▸ Information shown

========================

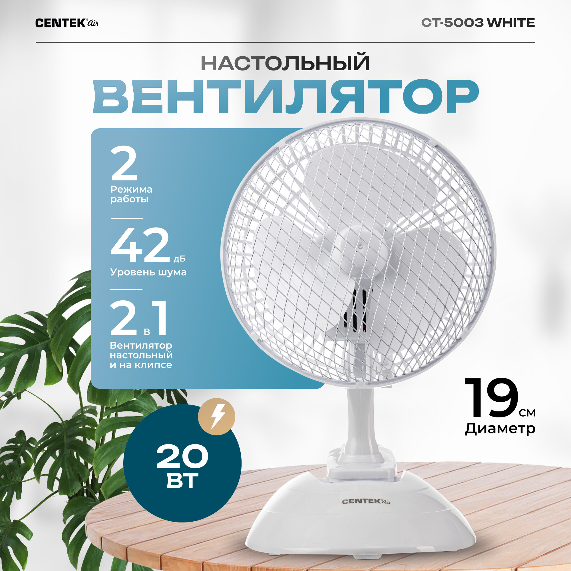 Вентилятор настольный Centek CT-5003 Белый, диаметр 19 см, металлическая решётка, клипса
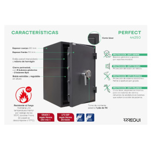 - Certificación antirrobo Grado 1 EN 1143-1 y resistencia ignífuga LFS 60P EN 15659, manteniendo el interior por debajo de 170 °C durante 60 minutos.
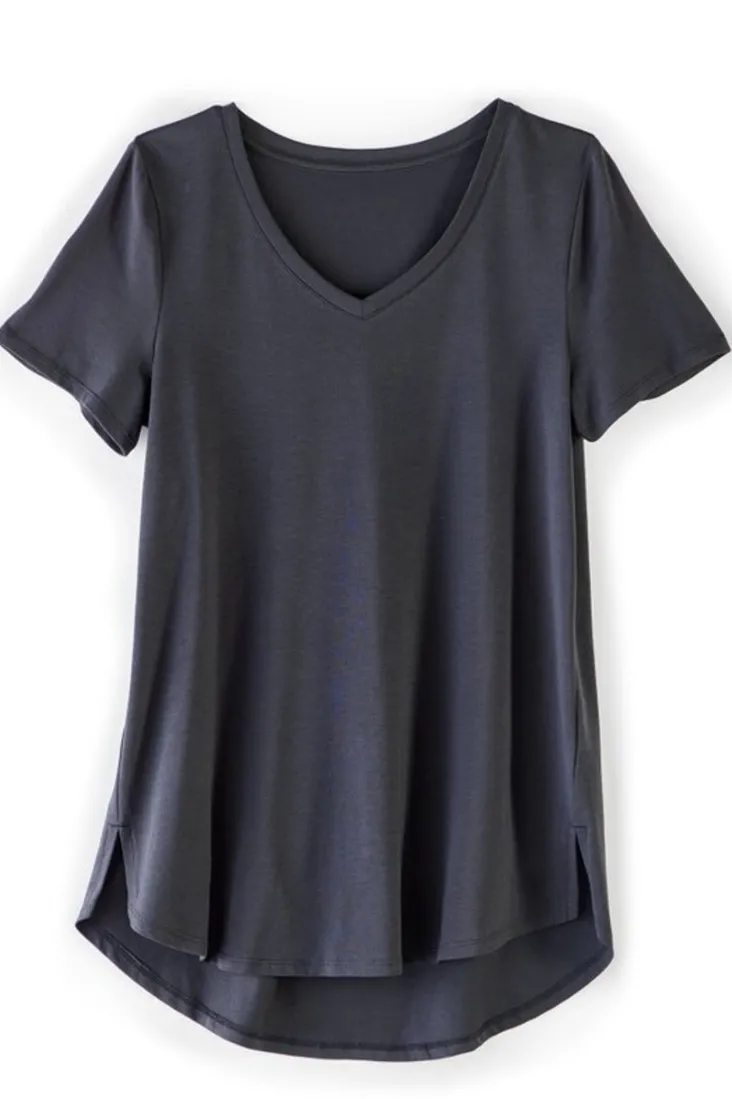 What sets this must-have cotton-blend tee apart are the styling details that make it a favorite for every day. The longer tunic length dips and curves in the back to boost the wearability with leggings, jeans, anything! It’s made from the softest Pima cotton with just the right hint of stretch so the shape always stays fresh. V-neck, short sleeves.
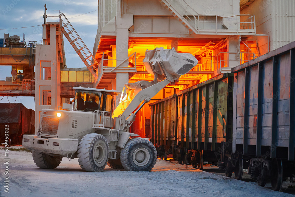 Wheel loader loads limestone into freight gondola cars
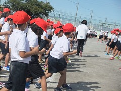 なかなか言っていることが伝わりません。しかし、運動会の歌『ゴーゴーゴー』が放送で流れ、6年生が歌に合わせておどりはじめると、みんな見よう見まねで覚えていきます。
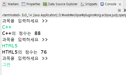 그리고 과목 이름을 입력받아 점수를 출력하는 프로그램을 작성하라. "그만"을 입력받으면 종료한다.
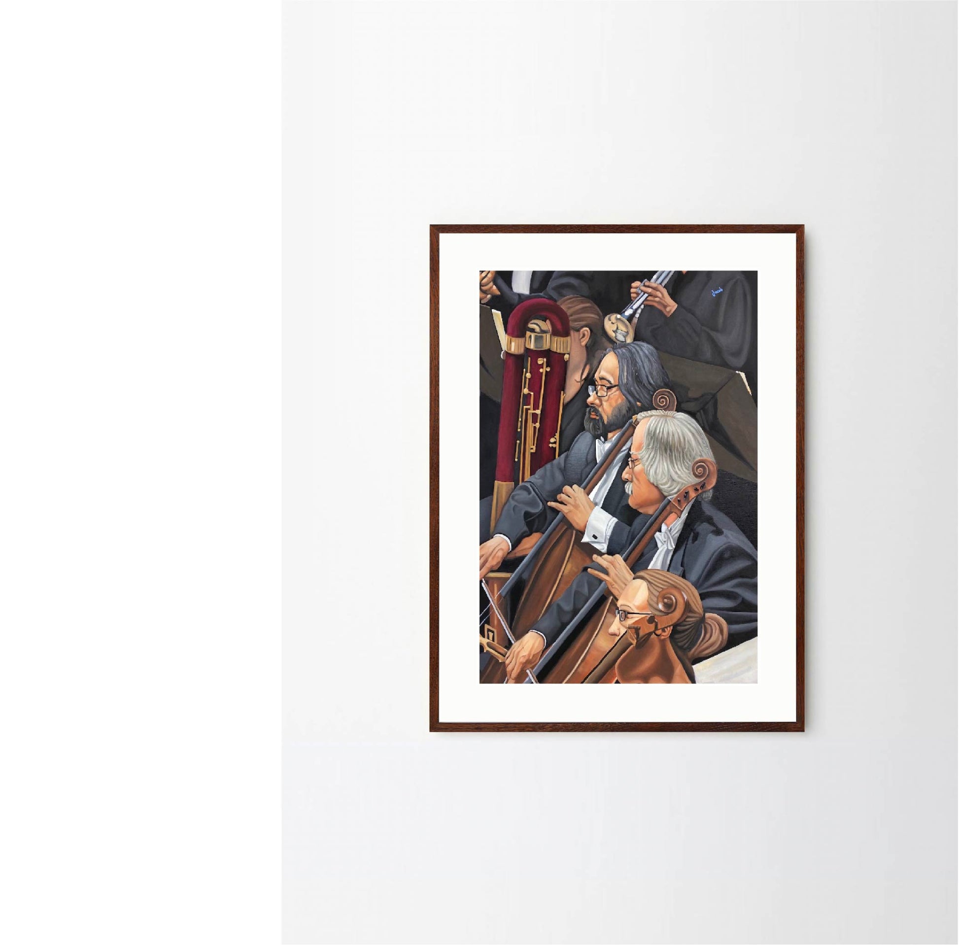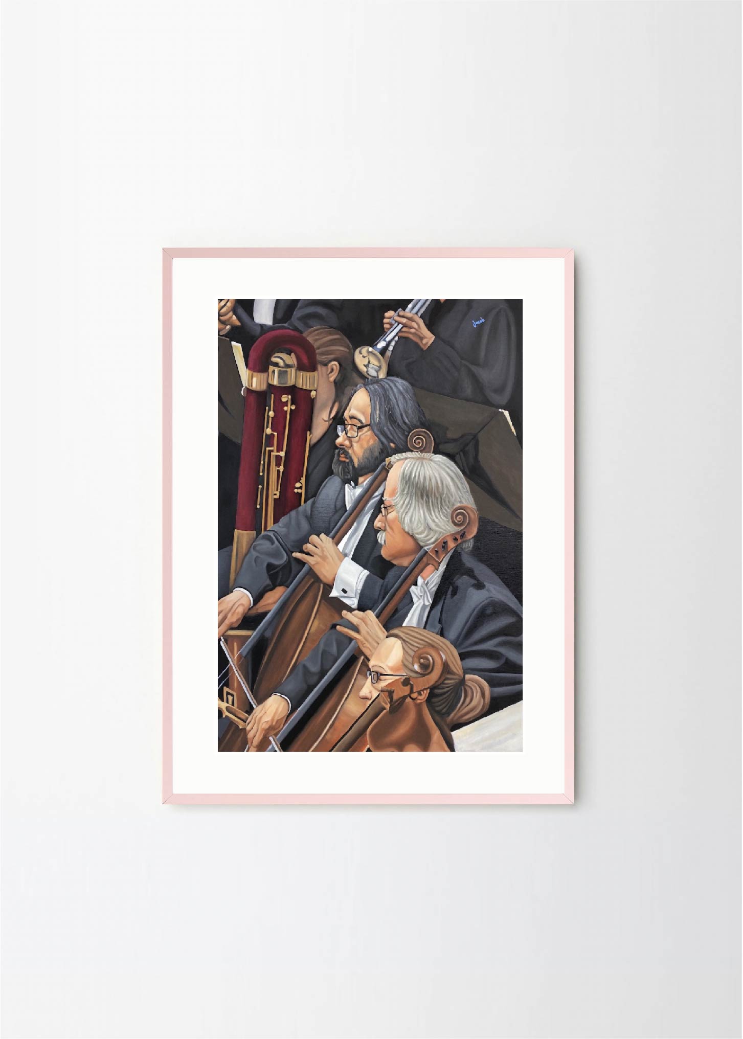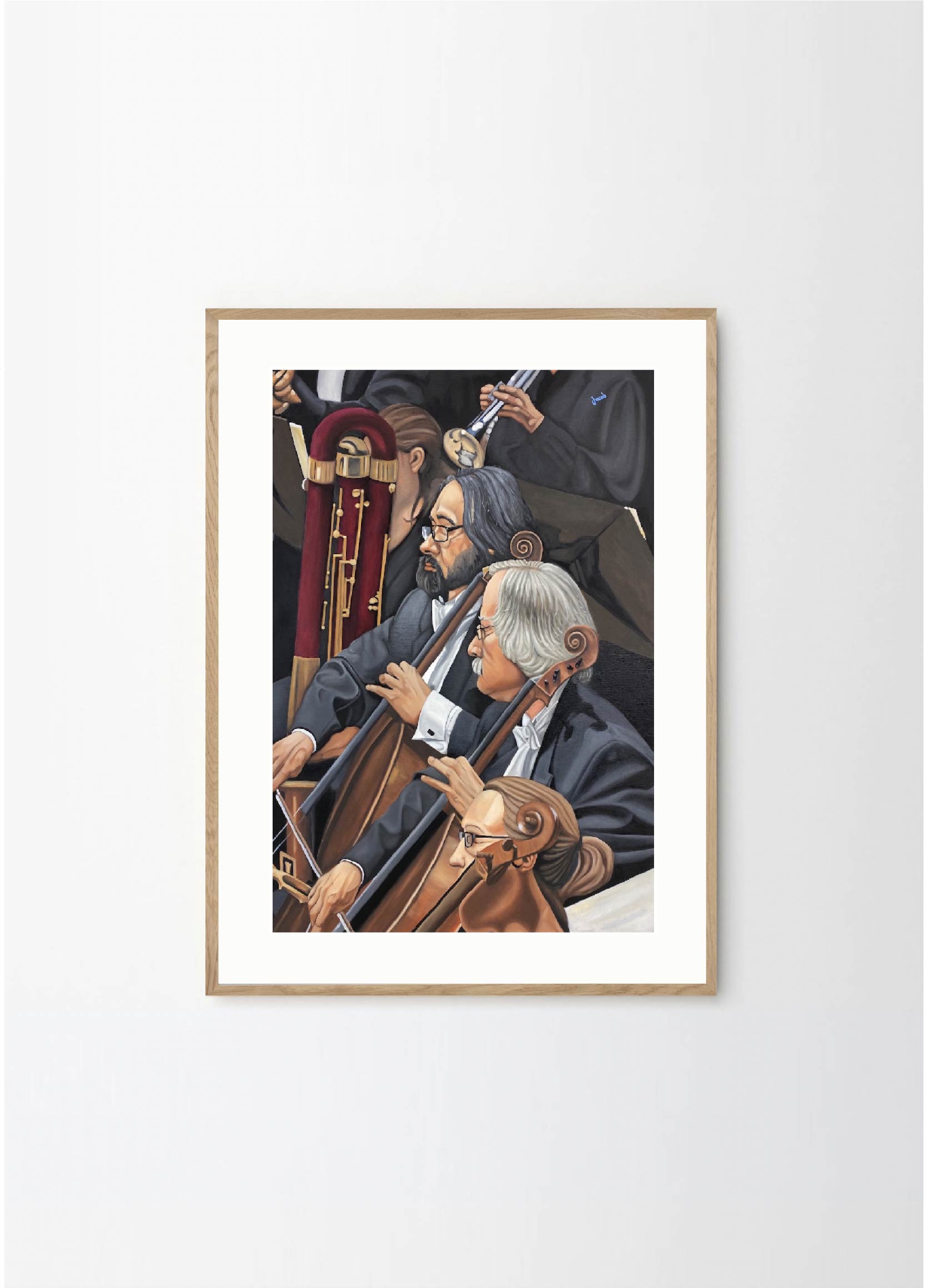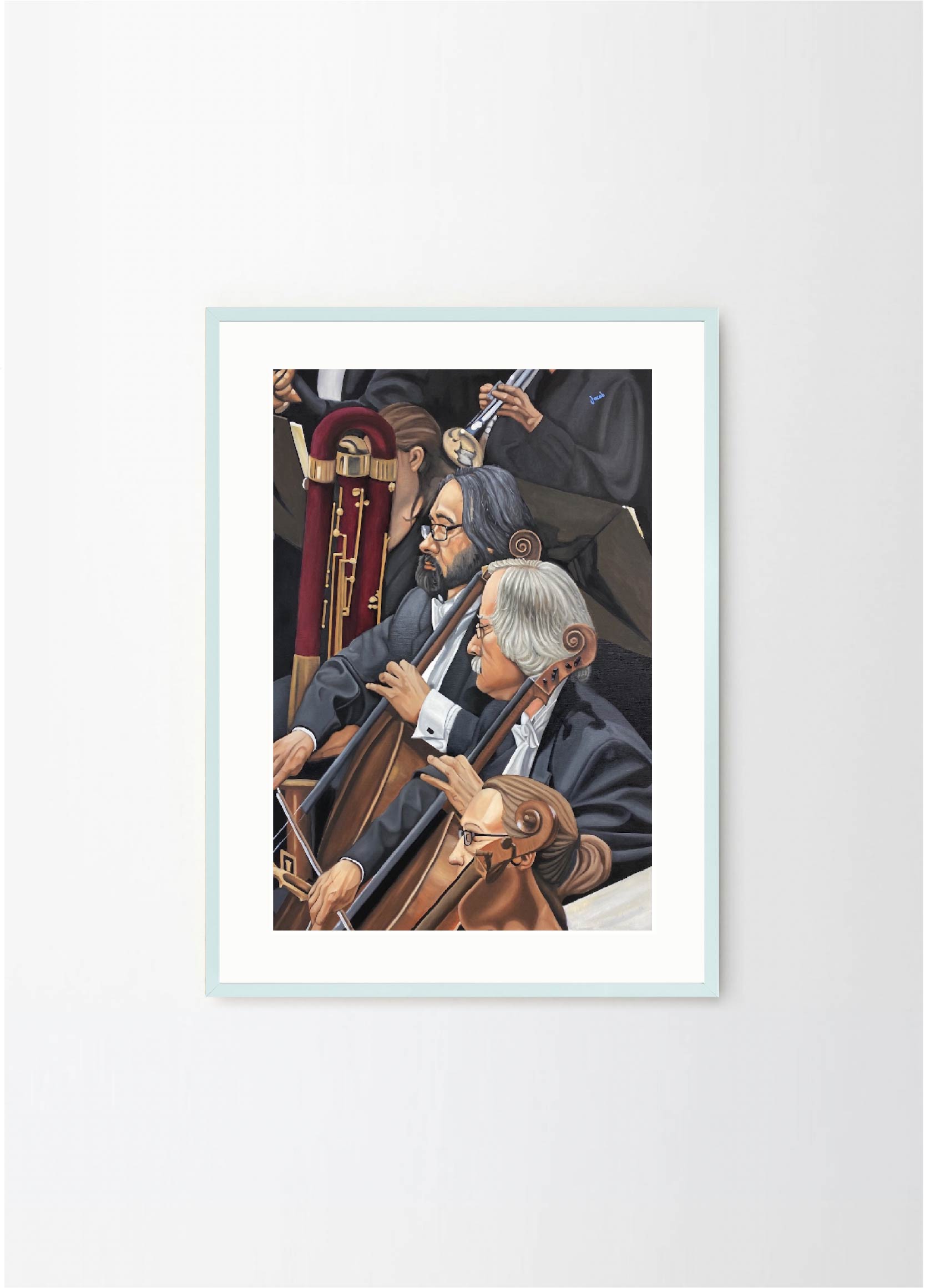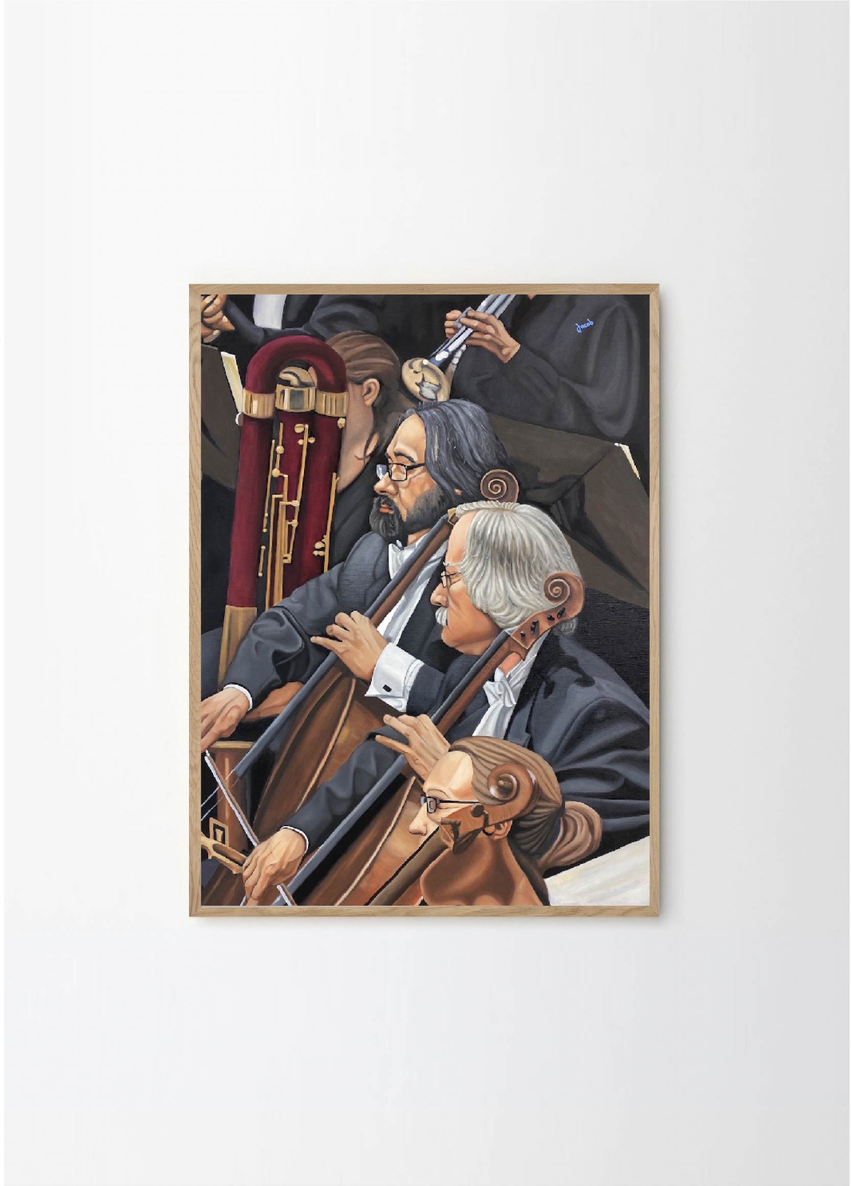The artwork Konsert depicts a group of musicians playing their orchestra. The blue and brown colors make Konsert perfect for a black colored frame, with or without passepartout.

========================

Repeat nothing but the lines from the one containing "What sets this" through the end of the entries, exactly, and skip the pictures.

 What sets this must-have cotton-blend tee apart are the styling details that make it a favorite for every day. The longer tunic length dips and curves in the back to boost the wearability with leggings, jeans, anything! It’s made from the softest Pima cotton with just the right hint of stretch so the shape always stays fresh. V-neck, short sleeves.
 Wheel loader loads limestone into freight gondola cars
 なかなか言っていることが伝わりません。しかし、運動会の歌『ゴーゴーゴー』が放送で流れ、6年生が歌に合わせておどりはじめると、みんな見よう見まねで覚えていきます。
 그리고 과목 이름을 입력받아 점수를 출력하는 프로그램을 작성하라. "그만"을 입력받으면 종료한다.
The artwork Konsert depicts a group of musicians playing their orchestra. The blue and brown colors make Konsert perfect for a black colored frame, with or without passepartout.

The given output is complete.